The effects and side effects in migraine prophylaxis of placebo, Divascan (1-isopropylnoradrenochrome-5-monosemicarbazone) and pizotifen were compared in a double-blind cross-over study. The dosage was for Divascan 15 mg a day and for pizotifen 3 mg a day. Data from the last 6 wk of each test period of 8 wk were used to assess the effect of the treatment. Thirty patients entered the trial. Data from 28 patients treated with placebo and Divascan and 27 patients treated with pizotifen were used for final evaluation. Pizotifen significantly reduced the number of migraine attacks, headache index and the consumption of ergotamine. Divascan also seemed to have an effect.
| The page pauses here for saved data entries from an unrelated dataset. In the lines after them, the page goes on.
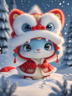 shenian,wearing a Nian beast hat,A cute blue and white baby snake with big, expressive eyes and a tiny nose is dressed in a red furry lion costume with a white mane.  It's cold in the snow and surrounded by snow-covered pine trees.  The whole scene is very strange and festive, with soft and bright lighting, full of magical winter atmosphere.,<lora:shebaobaov1-000014:0.8>
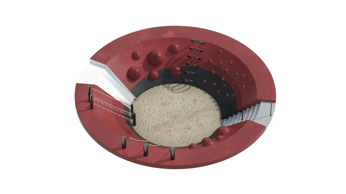Playground with slide, climbing wall, ropes and sandpit, diameter 10m
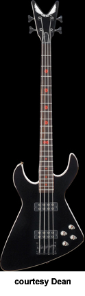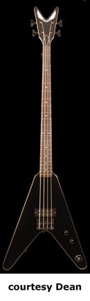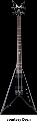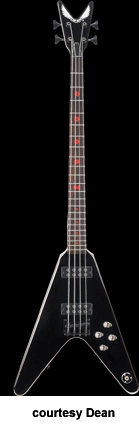 RAZORBACK V BASS | - Dimebag Darrel Flying V-style, basswood body, mahogany NTB, 22-fret rosewood fingerboard with Dime razor inlays, V-shaped headstock with two-per-side tuners, High Mass bridge, two active humbucker pickups, three knobs, black hardware, available in Classic Black or Classic Black with Green bevels finish, 35 in. scale, mfg. 2007-present. |
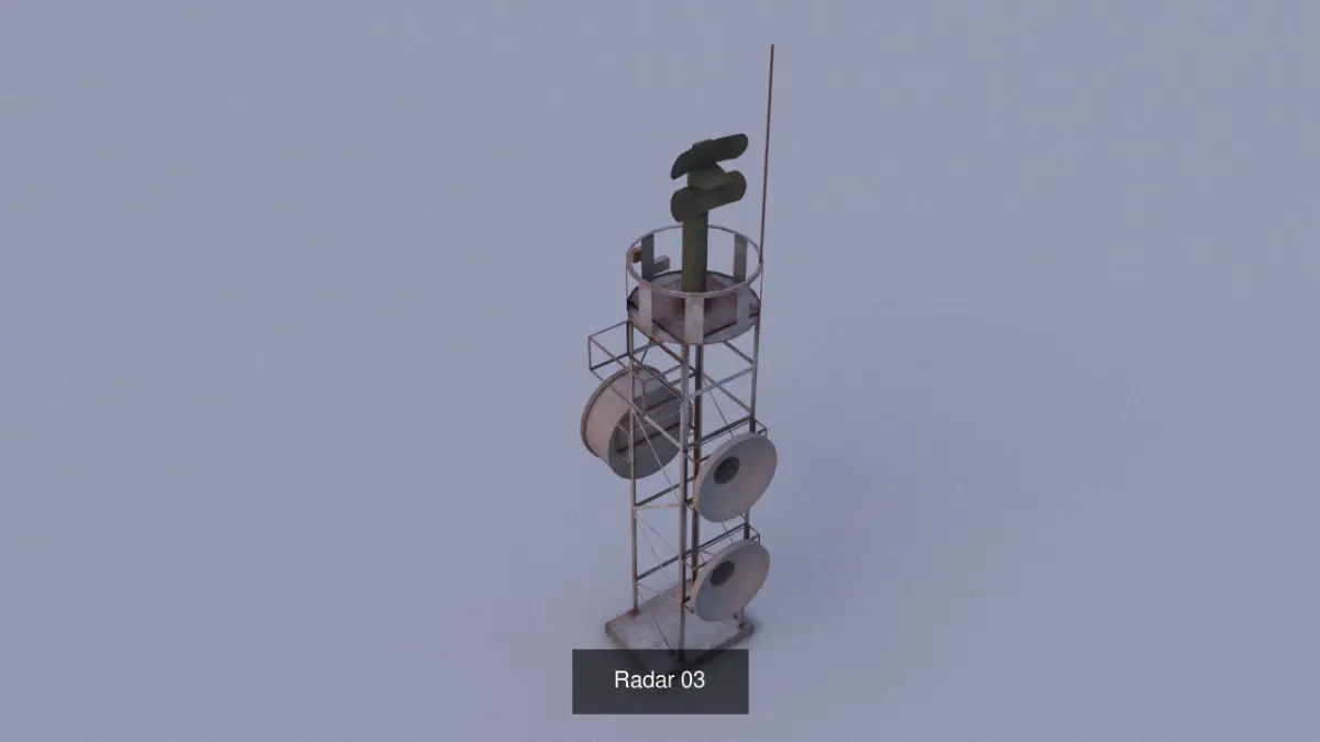 This is a set of 5 type of Radars and a Radar tower . All model is lowpoly with PBR 2048 textures.
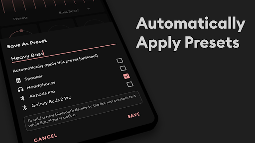 Pre-set profiles like Pop, Rock, Jazz, and more are available on the main screen. Tap on 'Presets' to select or customize your preferred audio profile.
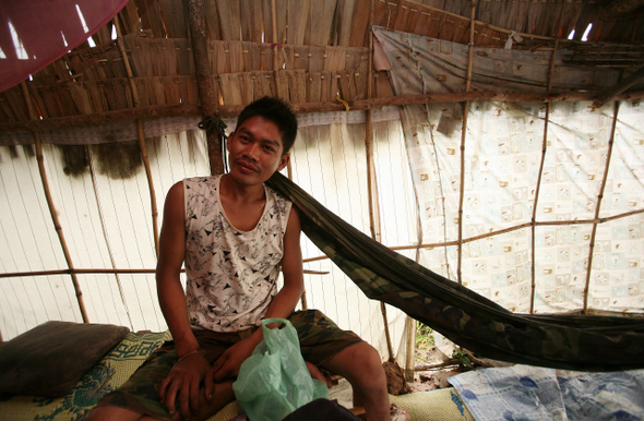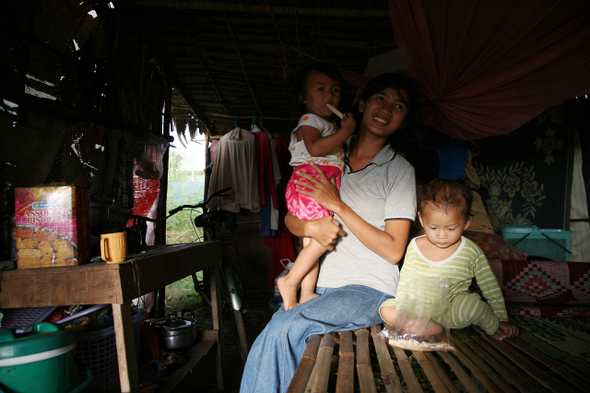 다음날 조금은 주저하는 마음을 가라앉히고 약속 시간에 맞춰 타이분롱 마을을 찾아갔다. 혹시나 하며 반신반의하는 마음으로 나를 기다렸던 바는 어제보다는 정신이 멀쩡했고, 아주 기쁜 표정으로 반겼다. 외국인이 마을을 찾아오는 경우가 드물었던 탓인지 그는 곧 내게 “쁘렌 쁘렌”(Friend)이라며 엄지손가락을 치켜들었다. 뚜렷한 직업이 없는 그는 가끔 에어컨 수리일을 다니거나 운전을 하면서 어렵게 아내 쏜타윈(20)과 아들 씨응(2), 딸 쩨랑(1) 등 4인 가족의 생계를 책임지고 있었다. 그는 수줍어했고, 무엇이든 먹을거리를 내놓으려고 했다. 어제 그를 경계했던 내 마음을 아는지 모르는지, 그는 자신의 집을 찾아온 손님에게 최선을 다해 즐겁게 해주려고 애썼다. 겉만 보고 함부로 그를 판단한 속없는 내 생각이 어찌나 미안하던지.

The consumption of ergotamine was reduced compared with placebo and there was a reduction, although not significant, of headache frequency and headache index. Pizotifen gave significantly larger reduction in headache frequency and headache index than Divascan and significantly more patients stated a preference for pizotifen compared with Divascan. A good or very good effect was reported by 11% of the patients on placebo, 39% on Divascan and 70% on pizotifen. Pizotifen had frequent side effects, mainly drowsiness and weight gain, whereas Divascan in this respect did not differ from placebo. Physical examinations and laboratory investigations did not show any significant changes, apart from weight gain.